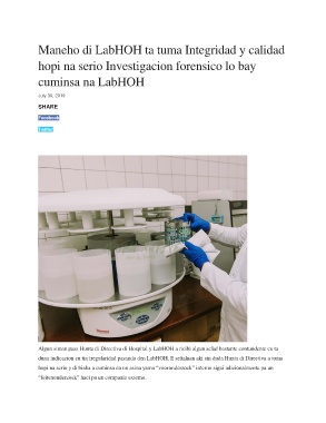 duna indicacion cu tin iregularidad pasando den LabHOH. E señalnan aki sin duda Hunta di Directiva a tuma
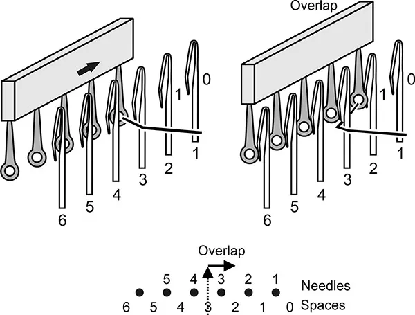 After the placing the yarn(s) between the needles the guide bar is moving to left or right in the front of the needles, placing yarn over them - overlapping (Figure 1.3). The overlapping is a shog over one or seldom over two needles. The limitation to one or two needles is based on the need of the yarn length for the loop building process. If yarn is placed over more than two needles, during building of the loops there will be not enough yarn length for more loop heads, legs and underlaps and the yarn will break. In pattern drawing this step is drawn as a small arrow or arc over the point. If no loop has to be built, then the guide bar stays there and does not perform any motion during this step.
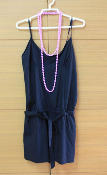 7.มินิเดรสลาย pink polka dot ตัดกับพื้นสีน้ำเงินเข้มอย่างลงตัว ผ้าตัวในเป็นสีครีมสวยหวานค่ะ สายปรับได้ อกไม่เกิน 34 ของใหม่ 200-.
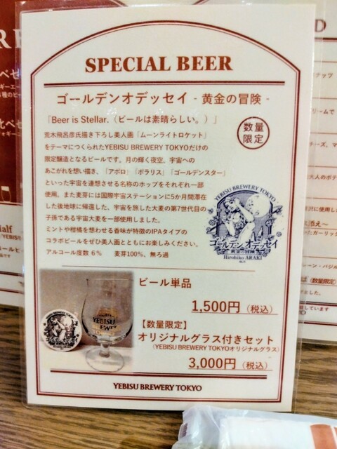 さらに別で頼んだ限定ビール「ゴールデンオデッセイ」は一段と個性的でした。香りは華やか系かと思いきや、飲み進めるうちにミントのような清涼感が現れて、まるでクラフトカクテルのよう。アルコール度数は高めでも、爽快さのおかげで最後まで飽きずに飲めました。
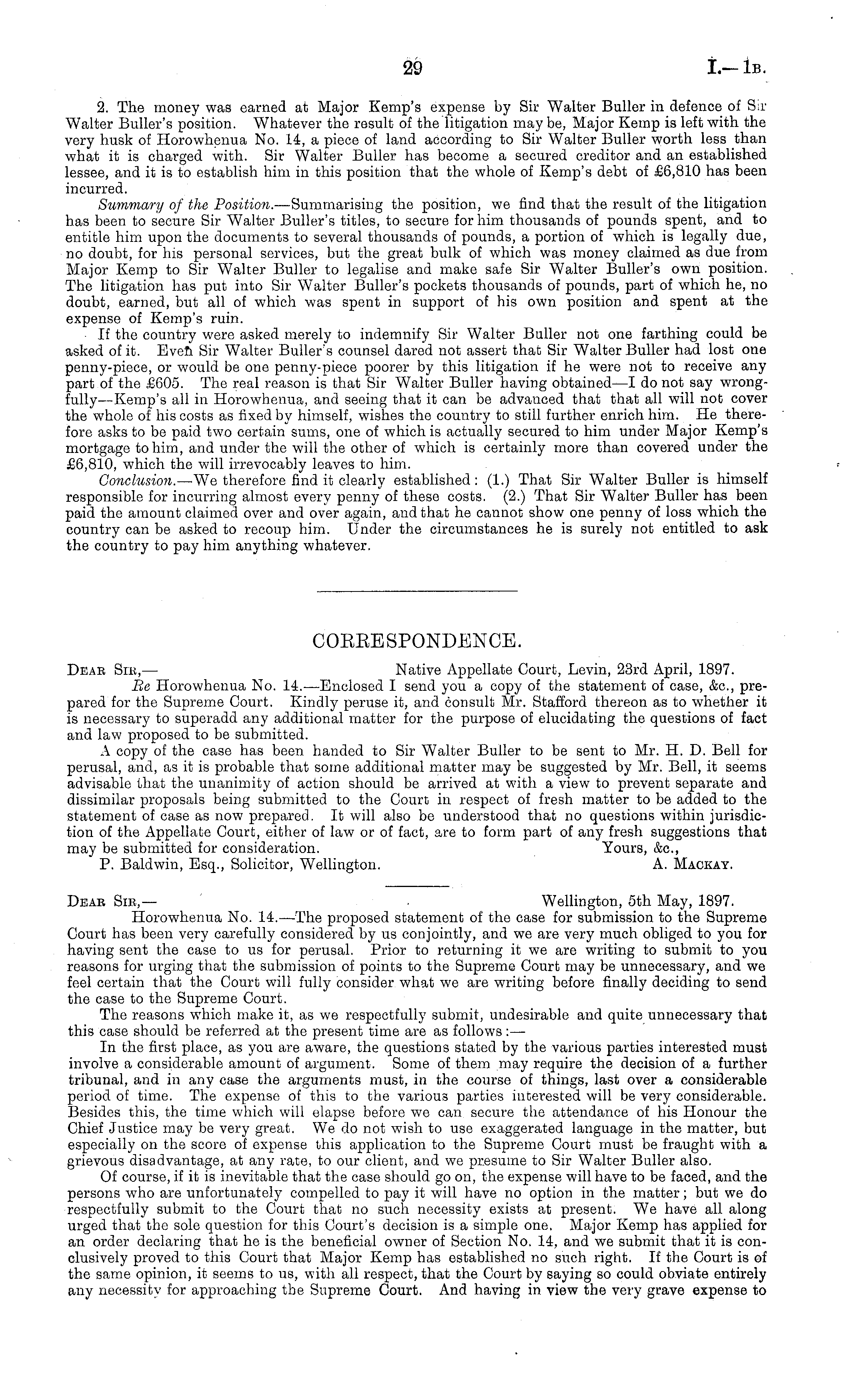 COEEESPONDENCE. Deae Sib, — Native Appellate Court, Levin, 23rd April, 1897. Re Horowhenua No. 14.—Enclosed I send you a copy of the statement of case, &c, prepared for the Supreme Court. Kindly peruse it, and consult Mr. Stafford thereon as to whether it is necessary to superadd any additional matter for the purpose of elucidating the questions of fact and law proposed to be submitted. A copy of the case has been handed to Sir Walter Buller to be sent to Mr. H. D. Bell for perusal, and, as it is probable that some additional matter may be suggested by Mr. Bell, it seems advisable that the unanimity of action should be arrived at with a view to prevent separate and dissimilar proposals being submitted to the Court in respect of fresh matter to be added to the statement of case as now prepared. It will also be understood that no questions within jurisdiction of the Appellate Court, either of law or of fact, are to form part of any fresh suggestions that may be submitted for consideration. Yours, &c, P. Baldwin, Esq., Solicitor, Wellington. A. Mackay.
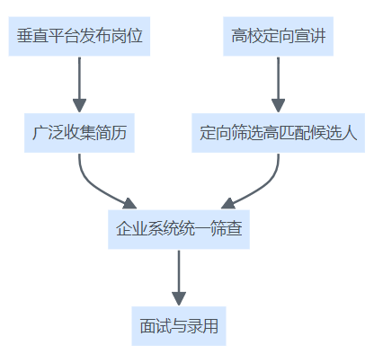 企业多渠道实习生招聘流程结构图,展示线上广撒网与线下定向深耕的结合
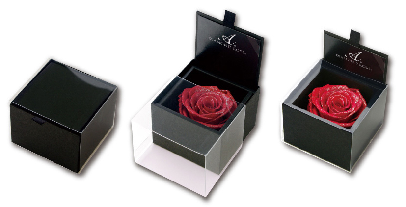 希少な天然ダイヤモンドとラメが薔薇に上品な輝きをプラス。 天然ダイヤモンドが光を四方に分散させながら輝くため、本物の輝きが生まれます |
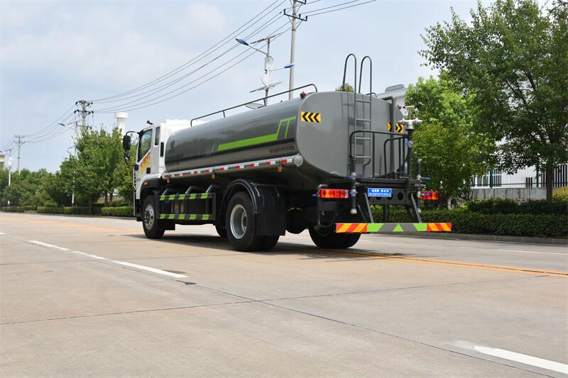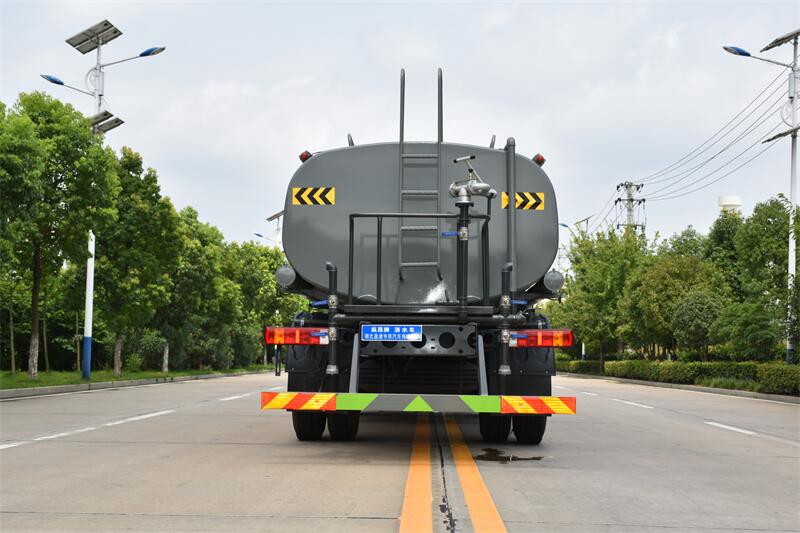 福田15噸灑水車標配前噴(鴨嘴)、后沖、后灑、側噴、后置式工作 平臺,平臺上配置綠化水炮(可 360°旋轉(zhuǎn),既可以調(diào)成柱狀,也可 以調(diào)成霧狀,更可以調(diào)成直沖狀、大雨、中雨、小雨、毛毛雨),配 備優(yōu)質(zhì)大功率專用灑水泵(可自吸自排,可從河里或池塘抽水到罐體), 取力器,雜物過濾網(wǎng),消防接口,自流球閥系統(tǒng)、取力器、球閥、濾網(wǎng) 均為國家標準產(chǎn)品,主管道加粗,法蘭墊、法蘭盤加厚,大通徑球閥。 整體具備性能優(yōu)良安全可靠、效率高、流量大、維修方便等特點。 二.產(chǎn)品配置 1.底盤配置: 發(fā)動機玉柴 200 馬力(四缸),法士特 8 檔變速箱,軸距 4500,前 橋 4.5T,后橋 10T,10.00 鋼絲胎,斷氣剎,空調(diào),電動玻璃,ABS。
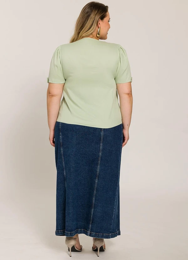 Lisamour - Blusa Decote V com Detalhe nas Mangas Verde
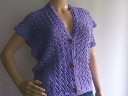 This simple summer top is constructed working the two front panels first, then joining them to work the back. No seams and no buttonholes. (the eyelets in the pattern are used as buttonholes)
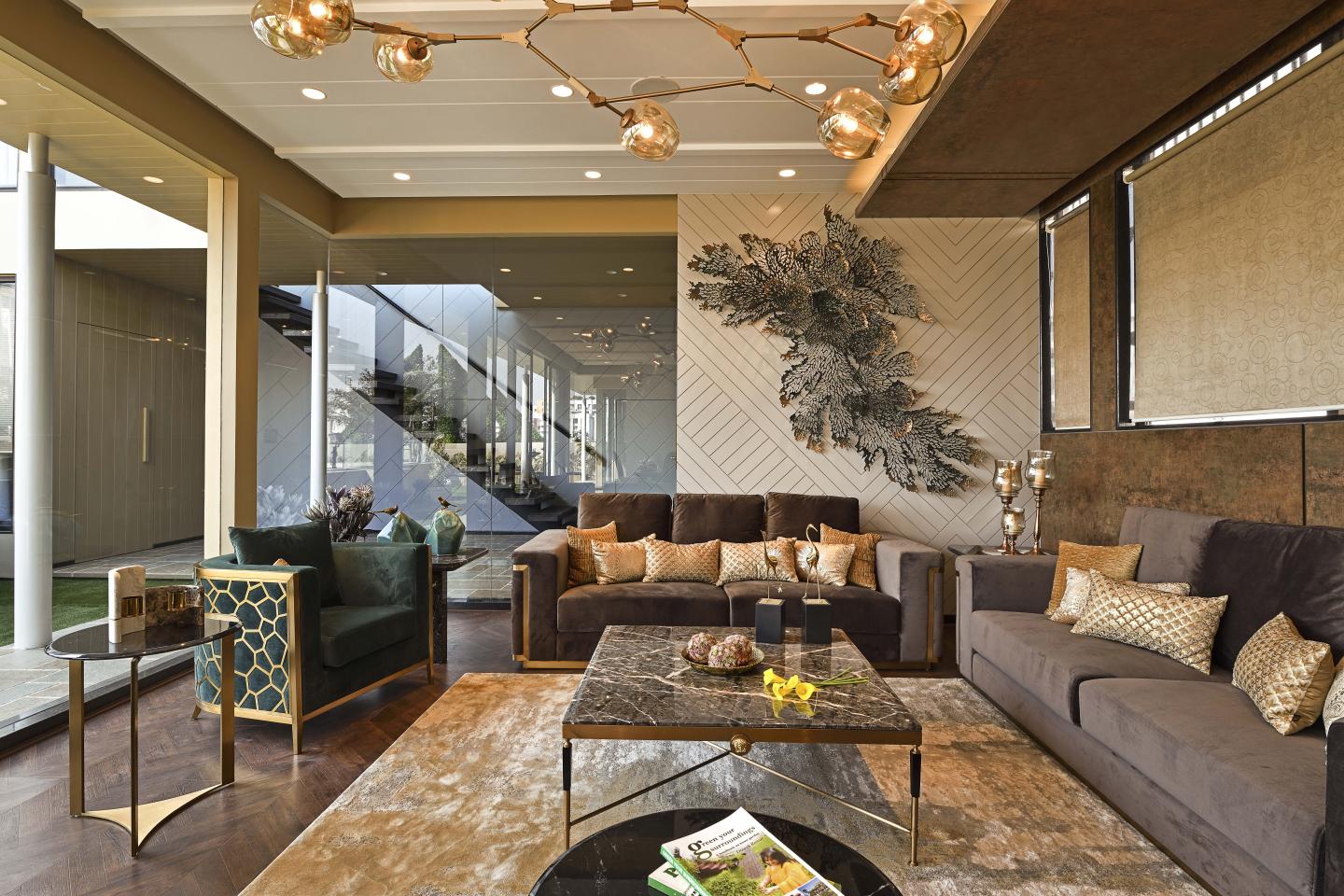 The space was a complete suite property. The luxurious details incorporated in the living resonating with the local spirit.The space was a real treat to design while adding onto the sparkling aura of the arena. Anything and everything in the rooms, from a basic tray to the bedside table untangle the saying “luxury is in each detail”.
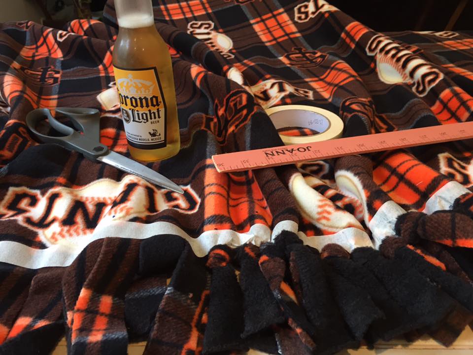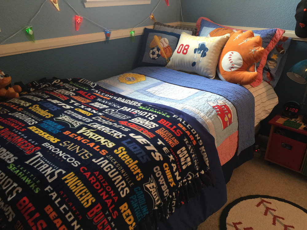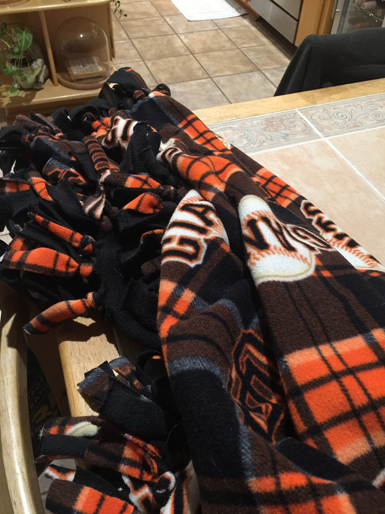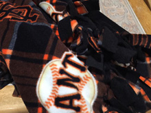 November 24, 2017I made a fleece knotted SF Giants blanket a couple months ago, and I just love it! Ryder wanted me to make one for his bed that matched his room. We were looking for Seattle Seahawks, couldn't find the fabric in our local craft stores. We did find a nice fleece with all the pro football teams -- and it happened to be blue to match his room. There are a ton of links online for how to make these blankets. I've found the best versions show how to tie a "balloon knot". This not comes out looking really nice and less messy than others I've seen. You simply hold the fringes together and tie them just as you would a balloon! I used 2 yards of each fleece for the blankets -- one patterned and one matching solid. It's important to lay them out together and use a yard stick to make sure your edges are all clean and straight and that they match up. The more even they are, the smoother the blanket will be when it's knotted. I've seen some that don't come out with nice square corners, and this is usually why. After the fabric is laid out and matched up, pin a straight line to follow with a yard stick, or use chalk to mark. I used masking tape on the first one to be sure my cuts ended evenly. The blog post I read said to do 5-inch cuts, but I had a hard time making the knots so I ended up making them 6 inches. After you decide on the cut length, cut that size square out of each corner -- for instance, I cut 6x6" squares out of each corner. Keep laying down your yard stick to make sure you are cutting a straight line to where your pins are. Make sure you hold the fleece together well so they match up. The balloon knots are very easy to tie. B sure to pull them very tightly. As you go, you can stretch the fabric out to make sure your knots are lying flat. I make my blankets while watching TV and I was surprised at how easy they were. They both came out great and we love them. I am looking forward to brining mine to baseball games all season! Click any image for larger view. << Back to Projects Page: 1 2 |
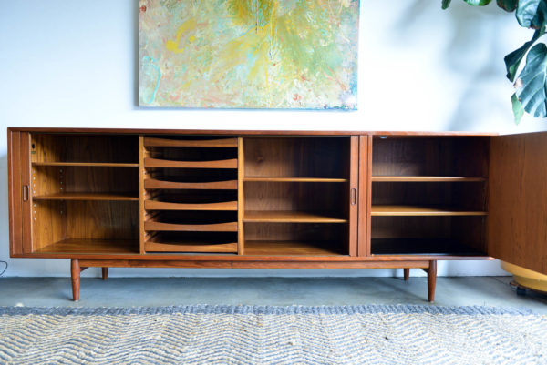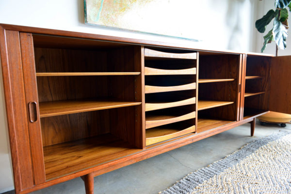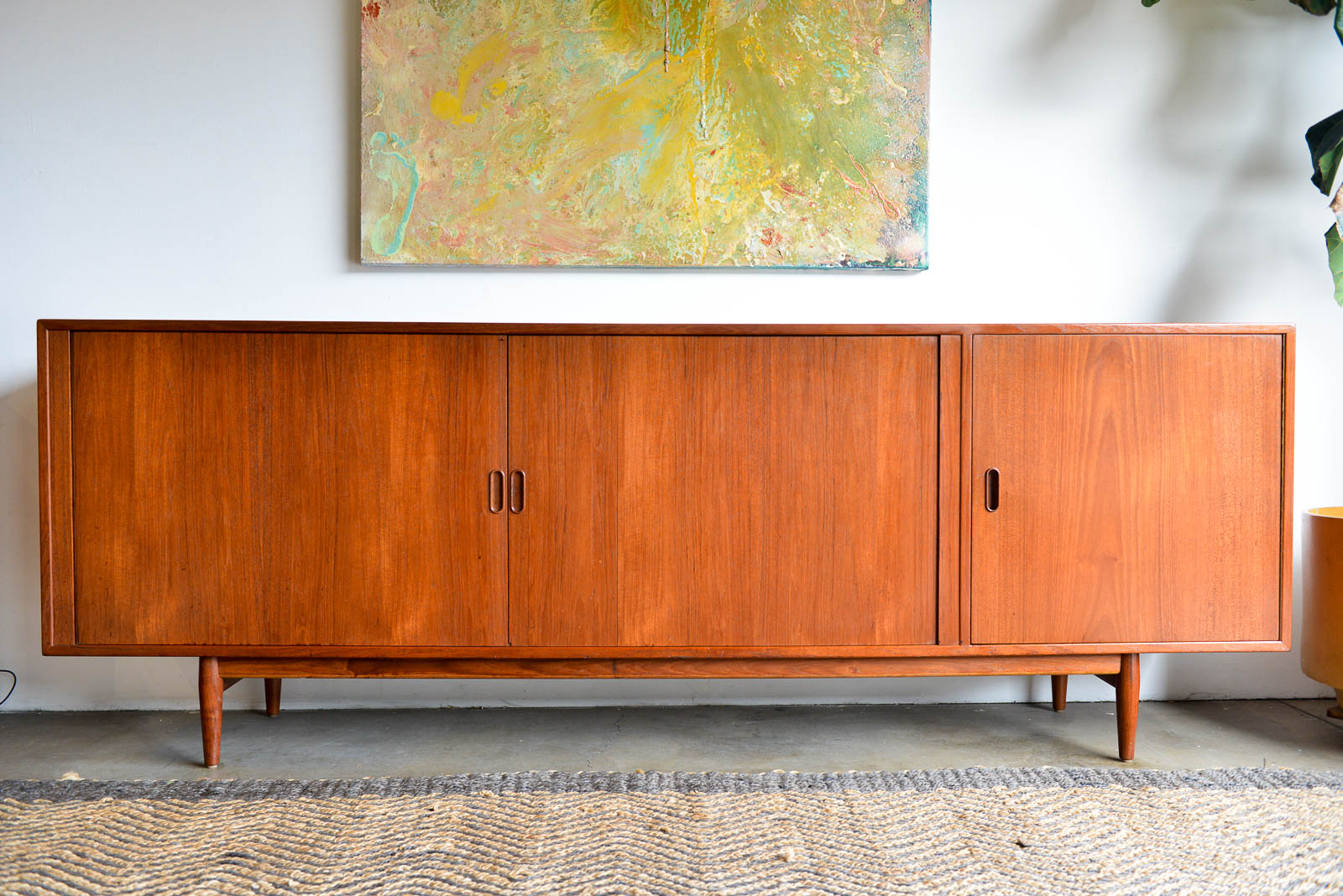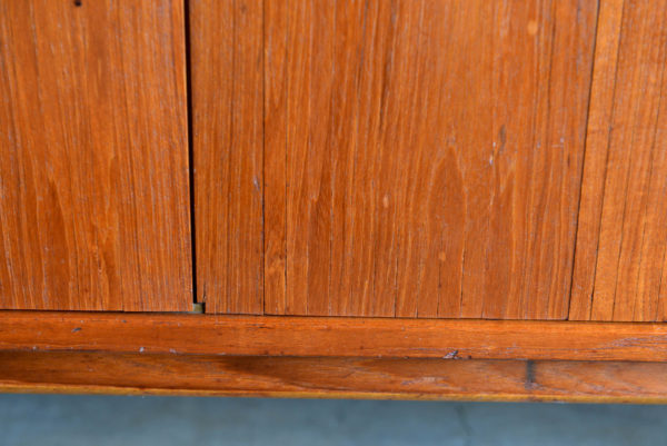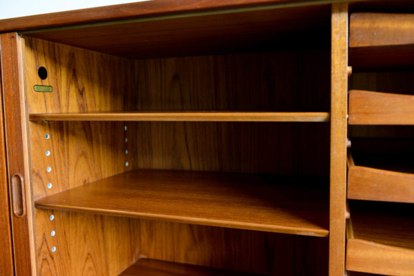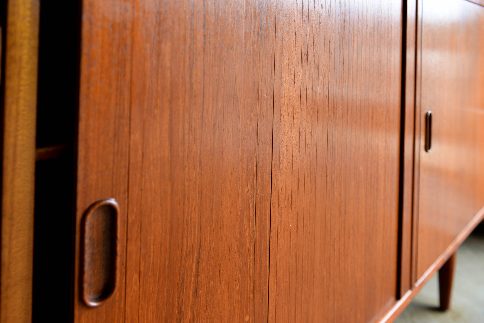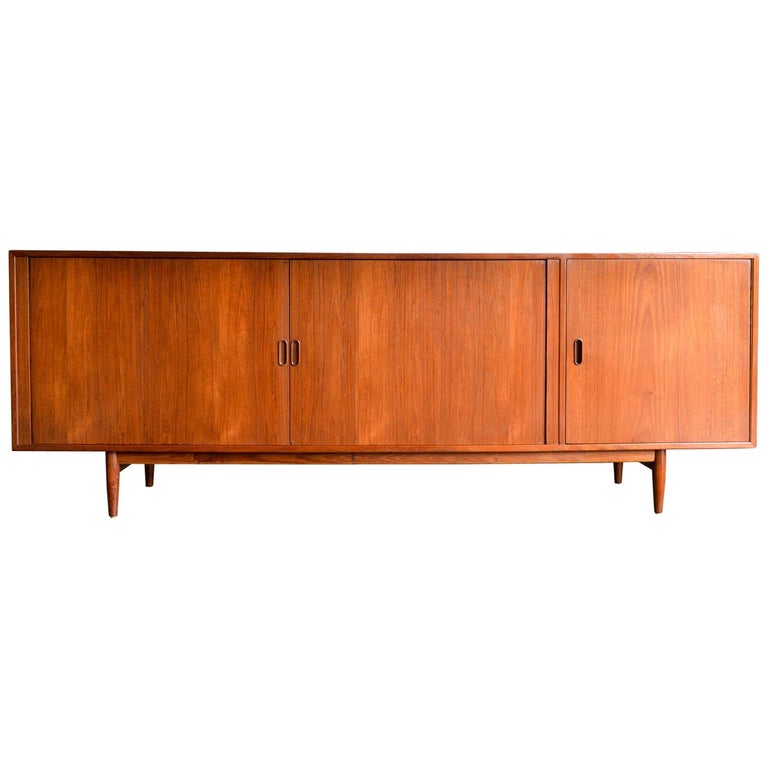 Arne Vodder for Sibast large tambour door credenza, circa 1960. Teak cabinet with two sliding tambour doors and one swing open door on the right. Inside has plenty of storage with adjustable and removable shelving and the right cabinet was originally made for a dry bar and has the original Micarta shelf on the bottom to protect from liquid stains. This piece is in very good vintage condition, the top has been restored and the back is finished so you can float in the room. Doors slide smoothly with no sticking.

• • • • • • •

- Exercise requirements -
Extract from the material above the stretch running from the line containing "Lisamour - Blusa" through the line containing "This simple summer". Keep the text exact and the pictures out.

- Answer to the problem -
 Lisamour - Blusa Decote V com Detalhe nas Mangas Verde
 This simple summer top is constructed working the two front panels first, then joining them to work the back. No seams and no buttonholes. (the eyelets in the pattern are used as buttonholes)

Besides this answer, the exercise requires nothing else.